SW: It was always there. It was just hushed up.

JH: What's your evidence for that?

SW: Well, the case histories. It runs in families.

JH: There's a kind of a self fulfilling prophecy here. If you won't rescue the children when you become aware they are being systematically violated, of course it's going to run in families. The policy of leaving them in those families is perpetuating the situation.

SW: Remember James the cases where a doctor wrongly accused parents of abusing their children.

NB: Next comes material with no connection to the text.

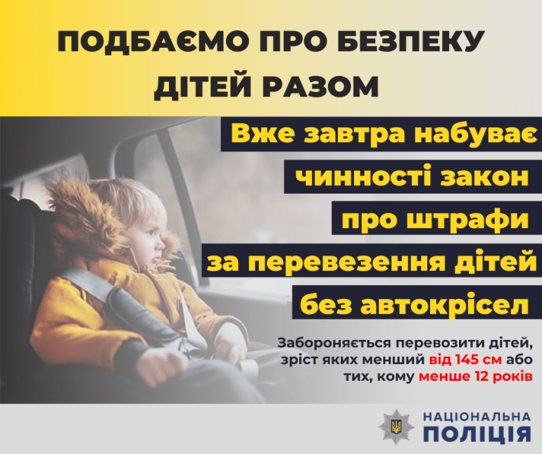 Новый закон дополняет статью 121 Кодекса Украины об административных правонарушениях и касается перевозки детей автомобильным транспортом. В подпунктах «б-г» пункта 21.11 Правил дорожного движения определено, что запрещается перевозить детей, рост которых меньше 145 сантиметров или тех, которые не достигли 12-летнего возраста в транспортных средствах, оборудованных ремнями безопасности, без использования специальных средств, которые дают возможность пристегнуть ребенка с помощью ремней безопасности, предусмотренных конструкцией этого транспортного средства; детей до 16-летнего возраста в кузове любого грузового автомобиля; организованные группы детей в темное время суток. И если раньше за это нарушение было лишь предупреждение, то теперь – денежное взыскание.

JH: Yes, we need safeguards against that sort of thing. Obviously an incompetent, or more probably an evil person in a position of authority would be capable of accusing innocent people. If IRA gangs and paedophile rings and whatever other secret brotherhoods of evil exist in Ireland, can infiltrate the Judiciary, which they can, we might assume they would also be capable of infiltrating the social care professions. But I would caution you against your assumptions that justice prevailed in the cases where children were actually removed from families and the decision was later overturned. Some of those decisions were overturned using forensic testimony from doctors who repudiated the initial expert medical testimony from other doctors. What I'm trying to say is that my police sources had long ago alerted me to a situation whereby there is always a doctor willing to appear in court as a paid expert witness who will insist on the possibility that the initial forensic conclusions were unsafe. The cops were telling me in the 1980's that forensic evidence was becoming useless against big criminals because the big fish could always hire a professor who would claim whatever they wanted him to claim to discredit the evidence, I know of an abuse case in England, where the child was removed from her family home. The decision to remove her was overturned and the child was sent back to her parents. The broadcaster Anne Diamond gave the parents a pattycake interview on British television about their sufferings. It emerged years later that the couple were guilty, It works both ways. A decisive capacity to rescue children from families that are prostituting them could be misapplied. Sending them back can also be a mistake. Not having any capacity to help them at all beyond teaching their mothers to write, is unacceptable. We need to find ways... But I'm still putting it to you, that we need to find ways to rescue children who are being violated on a daily basis.

SW: I don't see...

JH: What happened in the estate you mentioned?

SW: The estate was bulldozed eventually. The place was levelled. It was unofficial government policy. All done under the guise of a rehousing programme.

JH: And the families were scattered.

SW: Presumably.

JH: And put living next door to other families who had no idea what they had been engaged in.